- Create a new conda environment using Python 3.6 (important), activate it and install the packages as follows.
conda create --name new_data_ner python=3.6
conda activate new_data_ner
conda install -c conda-forge jsonnet
conda install -c conda-forge flask
conda install -c conda-forge flask-sockets
conda install -c conda-forge pyyaml
pip install allennlp==1.1.0
pip install allennlp-models==1.1.0
python -m spacy download en_core_web_sm
pip install sentence-splitter
pip install transformers
pip install SentencePiece
pip3 install num2words
pip3 install simpletransformers
Just to run the file files individually, run the command conda install -c conda-forge thrax
to install thrax compiler.
Grammar generation(Generation of sentence at CombineTextHighlighter\NERSystem\InverseTextNormalization\grammars )

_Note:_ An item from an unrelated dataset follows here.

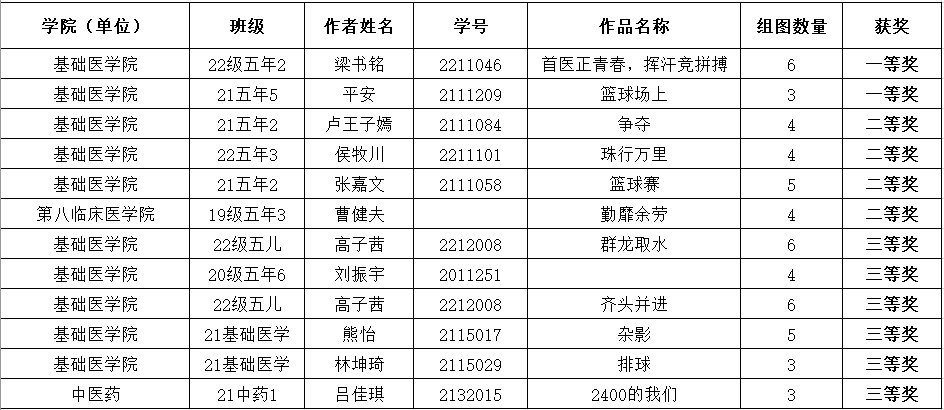 由久久小说 体育运动委员会主办,久久小说 应用体育学学系执行的久久小说 2022年“班级体育故事”摄影展示赛于近日圆满完成评审工作。 本次摄影赛于本学期初开始,于2022年12月底截止收稿,期间共收到23个行政班级29组作品。收稿截止后,体育学系专门组织了有一定摄影经验的教师进行审稿。经过评审,基础医学院2022级五年临床2班梁书铭等十二名同学的作品分别被评选为一、二、三等奖。

- Navigate to /grammars/BILOU_files/covid.
2)thraxmakedep covid.grm
3)make
4)thraxrandom-generator --far=covid.far --rule=random_sentence --noutput=10000 > covid.txt
- Run covid/fix_txt.py to generate covid_cleaned.txt (make sure before running this covid.txt should be the only txt file in the currect directory).
-
Once you generate the covid_cleaned.txt file, run the /Pegasus_Augmentation/Pegasus_covid.ipynb file on it and get the augmented csv file.
-
Run the remove_duplicates.ipynb file to remove duplicate augmentations and get the final output.